What needs to be done: Output the data below exactly, without images.

___ Supplied data ___

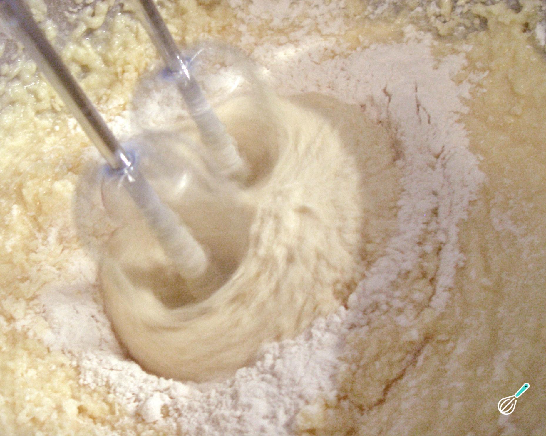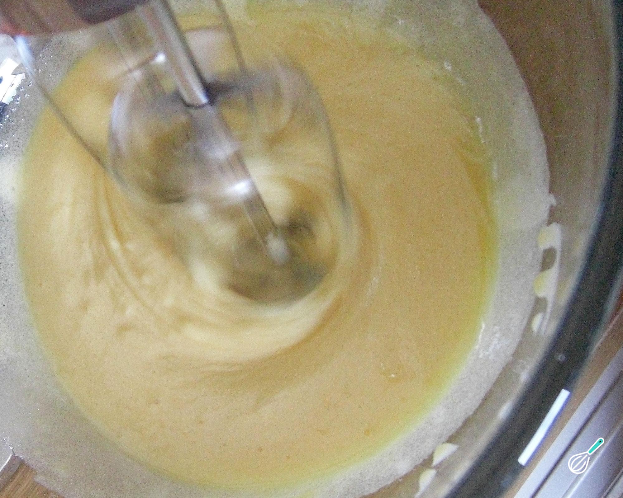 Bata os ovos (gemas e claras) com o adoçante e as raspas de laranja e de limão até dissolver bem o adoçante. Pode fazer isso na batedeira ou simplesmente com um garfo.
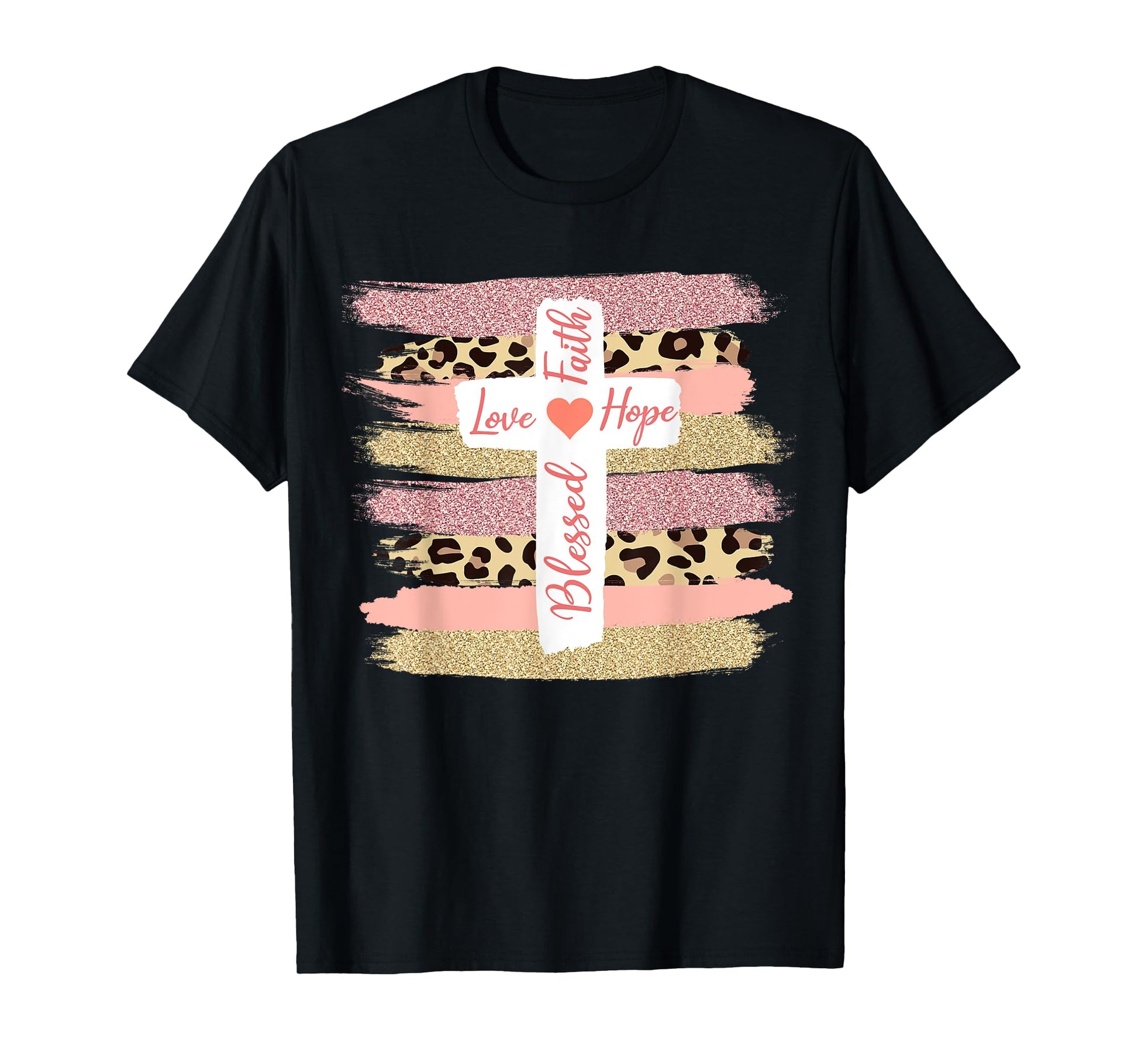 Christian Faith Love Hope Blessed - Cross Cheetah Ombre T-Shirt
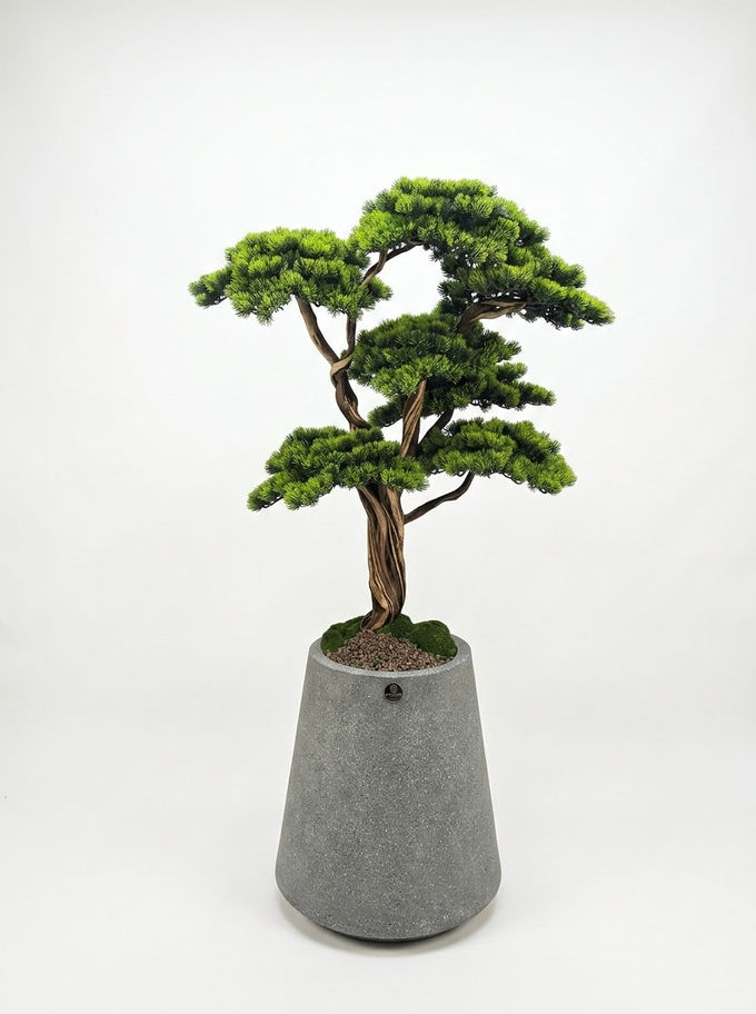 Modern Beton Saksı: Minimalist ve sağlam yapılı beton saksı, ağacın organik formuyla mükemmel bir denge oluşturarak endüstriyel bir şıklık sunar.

___

Answer to this task:
 Bata os ovos (gemas e claras) com o adoçante e as raspas de laranja e de limão até dissolver bem o adoçante. Pode fazer isso na batedeira ou simplesmente com um garfo.
 Christian Faith Love Hope Blessed - Cross Cheetah Ombre T-Shirt
 Modern Beton Saksı: Minimalist ve sağlam yapılı beton saksı, ağacın organik formuyla mükemmel bir denge oluşturarak endüstriyel bir şıklık sunar.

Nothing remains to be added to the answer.